-- Opening Marker --

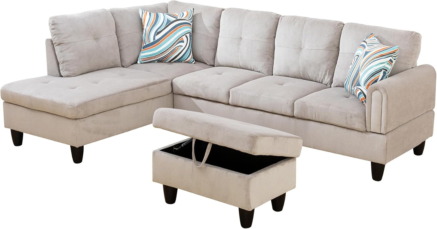 - Versatile and Practical Design: The chaise lounge setup allows for flexibility in your seating arrangement, enabling you to adjust the sofa to fit your space. The included storage ottoman adds functionality, offering a handy way to keep your living area neat and orderly.
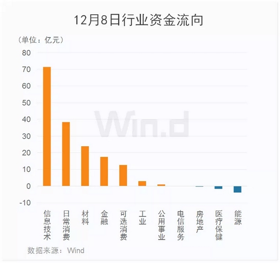从12月8日行业资金流向来看,主力资金净流入100多亿元,多数行业净流入,其中信息技术板块净流入额超过70亿元,位居首位;日常消费、材料、金融等板块净流入额亦较大。仅能源、医疗保健、房地产等板块微幅净流出。
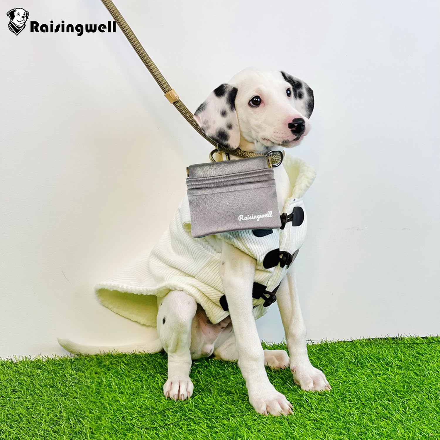 - Durable Tech Material: Raisingwell's dog treat training pouch is crafted from durable, washable, non-toxic vegan fabric, utilizing nano photonic crystal technology. In particular, the waterproof lining addresses the issue of difficult cleaning inside the training pouch.
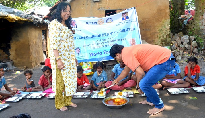আসানসোল : বিশ্ব খাদ্য দিবস উপলক্ষে বৃহস্পতিবার আসানসোলের ব্লু ফ্যাক্টরি এলাকার আদিবাসী গ্রামে ৫০ জন শিশুকে দুপুরের খাবার দেওয়া হল রোটারি ক্লাব অফ আসানসোল গ্রেটারের তরফে।
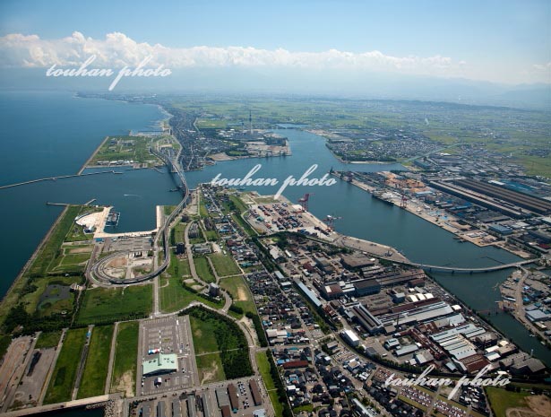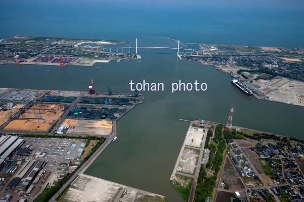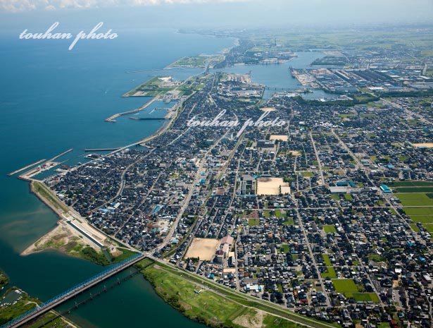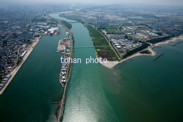 富山港より神通川河口と富山港,富山火力発電所周辺(2015/5)

-- Closing Marker --

◆ **Required action**: Reproduce the records verbatim, omitting all images they contain.

◆ **Result for this task**:
 - Versatile and Practical Design: The chaise lounge setup allows for flexibility in your seating arrangement, enabling you to adjust the sofa to fit your space. The included storage ottoman adds functionality, offering a handy way to keep your living area neat and orderly.
从12月8日行业资金流向来看,主力资金净流入100多亿元,多数行业净流入,其中信息技术板块净流入额超过70亿元,位居首位;日常消费、材料、金融等板块净流入额亦较大。仅能源、医疗保健、房地产等板块微幅净流出。
 - Durable Tech Material: Raisingwell's dog treat training pouch is crafted from durable, washable, non-toxic vegan fabric, utilizing nano photonic crystal technology. In particular, the waterproof lining addresses the issue of difficult cleaning inside the training pouch.
আসানসোল : বিশ্ব খাদ্য দিবস উপলক্ষে বৃহস্পতিবার আসানসোলের ব্লু ফ্যাক্টরি এলাকার আদিবাসী গ্রামে ৫০ জন শিশুকে দুপুরের খাবার দেওয়া হল রোটারি ক্লাব অফ আসানসোল গ্রেটারের তরফে।
 富山港より神通川河口と富山港,富山火力発電所周辺(2015/5)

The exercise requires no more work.